-- What is required --
For the records that follow, please set down exactly the lines between the one holding "他进一步指出,在5G和物联网" and the one holding "NARDO' - Lunedì", inclusive, and only those.

Task input Start Marker

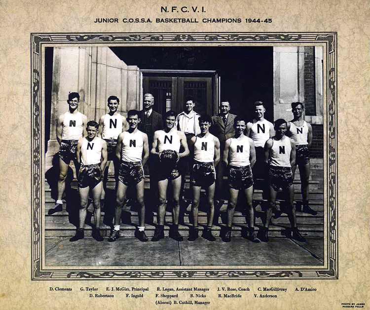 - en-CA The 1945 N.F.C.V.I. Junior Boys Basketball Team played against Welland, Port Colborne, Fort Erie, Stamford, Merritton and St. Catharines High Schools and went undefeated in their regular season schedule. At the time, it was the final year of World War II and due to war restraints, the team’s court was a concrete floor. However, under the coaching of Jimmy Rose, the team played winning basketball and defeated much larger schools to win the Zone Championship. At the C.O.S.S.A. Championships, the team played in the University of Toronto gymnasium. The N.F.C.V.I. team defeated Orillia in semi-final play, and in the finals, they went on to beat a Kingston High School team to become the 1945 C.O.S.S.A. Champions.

Task input End Marker
Task input Start Marker

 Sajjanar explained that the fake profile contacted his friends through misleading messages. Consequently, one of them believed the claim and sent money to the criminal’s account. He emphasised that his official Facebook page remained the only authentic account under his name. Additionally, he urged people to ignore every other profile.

Task input End Marker
Task input Start Marker

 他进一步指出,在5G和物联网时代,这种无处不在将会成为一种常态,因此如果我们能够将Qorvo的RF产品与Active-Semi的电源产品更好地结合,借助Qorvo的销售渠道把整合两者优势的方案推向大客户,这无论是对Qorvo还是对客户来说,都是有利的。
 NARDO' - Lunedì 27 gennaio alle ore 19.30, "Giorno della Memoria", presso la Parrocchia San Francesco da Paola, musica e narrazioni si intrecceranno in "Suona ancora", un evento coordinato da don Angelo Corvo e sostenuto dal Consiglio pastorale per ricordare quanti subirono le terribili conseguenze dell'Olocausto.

Task input End Marker

-- Task solution --
 他进一步指出,在5G和物联网时代,这种无处不在将会成为一种常态,因此如果我们能够将Qorvo的RF产品与Active-Semi的电源产品更好地结合,借助Qorvo的销售渠道把整合两者优势的方案推向大客户,这无论是对Qorvo还是对客户来说,都是有利的。
 NARDO' - Lunedì 27 gennaio alle ore 19.30, "Giorno della Memoria", presso la Parrocchia San Francesco da Paola, musica e narrazioni si intrecceranno in "Suona ancora", un evento coordinato da don Angelo Corvo e sostenuto dal Consiglio pastorale per ricordare quanti subirono le terribili conseguenze dell'Olocausto.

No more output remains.